■ PROBLEM TO WORK ON: Hand back, word for word, the lines from the one containing "上海地鐵物業管理有限公司工作" to the end of the records, both included, and leave out pictures.

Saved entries
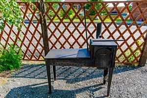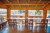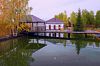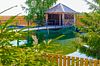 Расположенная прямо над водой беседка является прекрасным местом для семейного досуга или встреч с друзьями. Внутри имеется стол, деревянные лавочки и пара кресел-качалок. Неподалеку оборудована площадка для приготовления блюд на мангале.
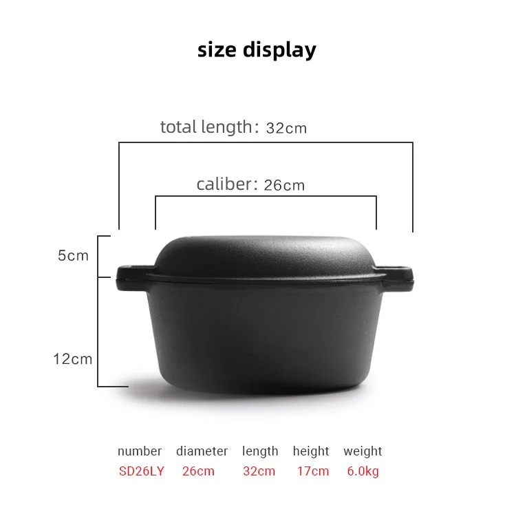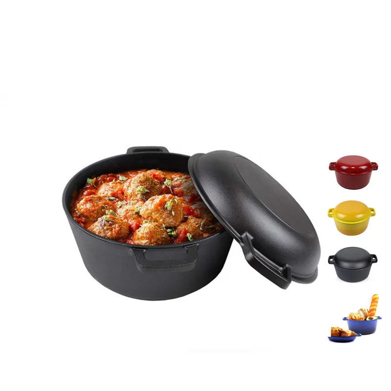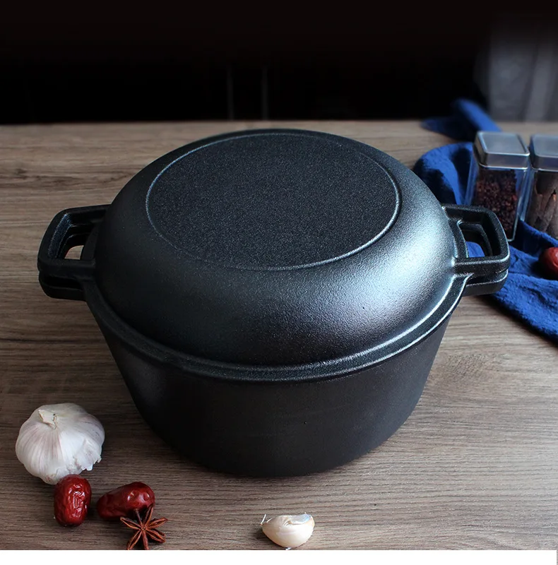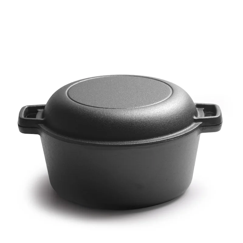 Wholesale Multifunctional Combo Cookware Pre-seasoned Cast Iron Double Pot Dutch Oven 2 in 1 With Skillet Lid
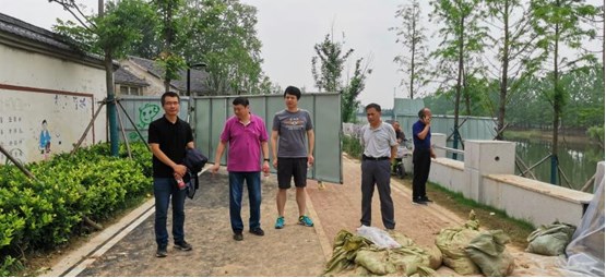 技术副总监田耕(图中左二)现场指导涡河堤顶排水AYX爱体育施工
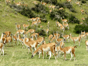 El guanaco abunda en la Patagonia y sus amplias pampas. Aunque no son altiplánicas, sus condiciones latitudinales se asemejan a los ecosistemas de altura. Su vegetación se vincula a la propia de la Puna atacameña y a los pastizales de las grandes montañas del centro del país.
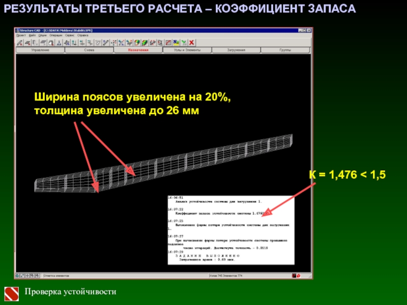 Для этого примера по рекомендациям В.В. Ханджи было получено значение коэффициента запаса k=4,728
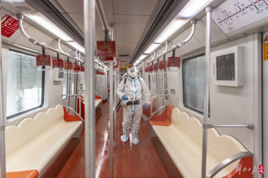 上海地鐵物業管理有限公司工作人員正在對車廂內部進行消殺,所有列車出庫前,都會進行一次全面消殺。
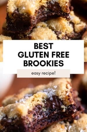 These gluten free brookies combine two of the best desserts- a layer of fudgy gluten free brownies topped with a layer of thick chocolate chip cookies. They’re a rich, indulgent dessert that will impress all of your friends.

■ ANSWER BOX:
 上海地鐵物業管理有限公司工作人員正在對車廂內部進行消殺,所有列車出庫前,都會進行一次全面消殺。
 These gluten free brookies combine two of the best desserts- a layer of fudgy gluten free brownies topped with a layer of thick chocolate chip cookies. They’re a rich, indulgent dessert that will impress all of your friends.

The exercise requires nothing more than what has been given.